Tuesday, October 17, 2006

Rita


The undisputed "Love Goddess" of the mid-1940s, Rita Hayworth (born Margarita Carmen Cansino on this day in 1918 in Brooklyn, New York) was the daughter of a Spanish-born dancer and his "Ziegfeld Follies" dance partner. At 13, she was dancing in night spots in Tijuana, and made her bit part film debut as "Rita Cansino" at 17.

She languished in B movies until her businessman-first husband had her change her name to "Hayworth" (her mother's maiden name) and promoted her into choice roles in successive breakthrough pictures (Only Angels Have Wings, 1939, directed by Howard Hawks, with Cary Grant; Strawberry Blonde, 1941, with James Cagney; Blood and Sand, 1941, with Tyrone Power). Wartime filmgoers warmed to this robust, voluptuous, sunny auburn-haired woman, who paradoxically seemed to possess a touch of smoldering Latin sensuality and, potentially, the cold heart of a jungle predator.

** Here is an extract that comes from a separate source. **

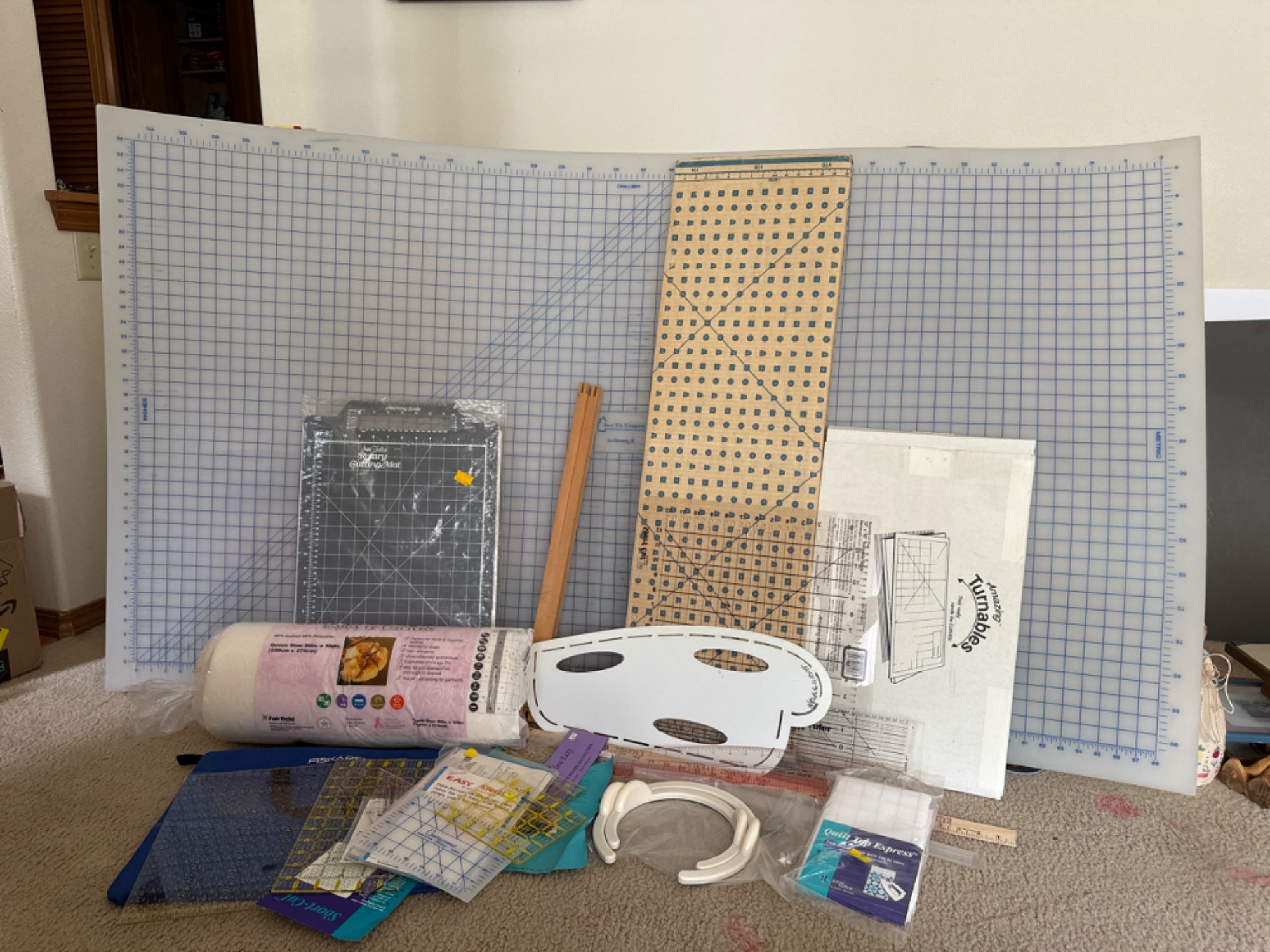 Quilting & Sewing Lot Rotary Cutting Mats Several Omnigrid Cutting Tools in Fiskars bag Turntable Massive 36x68 mat and more

The sunnier side of Rita was displayed to great effect in some musicals (You Were Never Lovelier, 1942, with Fred Astaire, who said she was his favorite dance partner; and Cover Girl, 1944, with Gene Kelly); but she reached her zenith as a downright dangerous sex symbol in Gilda (1946, with the late Glenn Ford), in which she was uninhibitedly erotic, with her flaming mane tumbling carelessly about her bare shoulders, in a way that even Hollywood could not even contain. In the film's centerpiece, a musical number called "Put the Blame on Mame," she steamed up movie theatres around the world with a mock striptease in which she only removed one long black satin glove.

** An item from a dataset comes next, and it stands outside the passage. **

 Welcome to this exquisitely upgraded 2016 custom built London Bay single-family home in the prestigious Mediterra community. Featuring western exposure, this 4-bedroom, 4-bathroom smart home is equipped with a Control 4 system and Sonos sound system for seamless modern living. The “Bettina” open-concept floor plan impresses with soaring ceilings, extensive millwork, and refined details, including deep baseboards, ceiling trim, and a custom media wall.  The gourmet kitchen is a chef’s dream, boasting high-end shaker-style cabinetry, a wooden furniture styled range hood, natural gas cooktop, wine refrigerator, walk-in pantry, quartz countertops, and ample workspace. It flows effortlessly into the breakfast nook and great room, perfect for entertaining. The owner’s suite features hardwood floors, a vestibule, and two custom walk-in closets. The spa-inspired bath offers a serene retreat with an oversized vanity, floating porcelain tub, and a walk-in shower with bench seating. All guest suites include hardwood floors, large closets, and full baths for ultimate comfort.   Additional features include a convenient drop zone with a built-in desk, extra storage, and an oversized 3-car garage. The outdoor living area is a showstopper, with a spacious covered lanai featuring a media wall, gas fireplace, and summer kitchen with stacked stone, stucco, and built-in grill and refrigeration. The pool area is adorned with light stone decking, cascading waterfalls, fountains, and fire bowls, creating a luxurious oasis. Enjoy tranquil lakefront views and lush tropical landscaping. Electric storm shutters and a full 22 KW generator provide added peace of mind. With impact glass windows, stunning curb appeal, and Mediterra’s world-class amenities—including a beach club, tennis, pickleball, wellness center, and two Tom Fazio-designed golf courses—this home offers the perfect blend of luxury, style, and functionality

Her photo in Life magazine, kneeling on a bed in black lace lingerie, became the most requested pin-up of GIs overseas, and even adorned the atomic bomb test which was detonated at Bikini atoll in July 1946. She was briefly married to Orson Welles (starring with him in The Lady From Shanghai, 1948), but left Hollywood in 1949 to marry Aly Khan, the son and heir of the Aga Khan. When that marriage dissolved after only two years, she returned to Hollywood in the 1950s looking tired; the electric glint which shone in her eyes during the previous decade was gone, and she faded slowly until her retirement in the 1970s. She died, suffering from Alzheimer's Disease, on May 14, 1987 in New York City.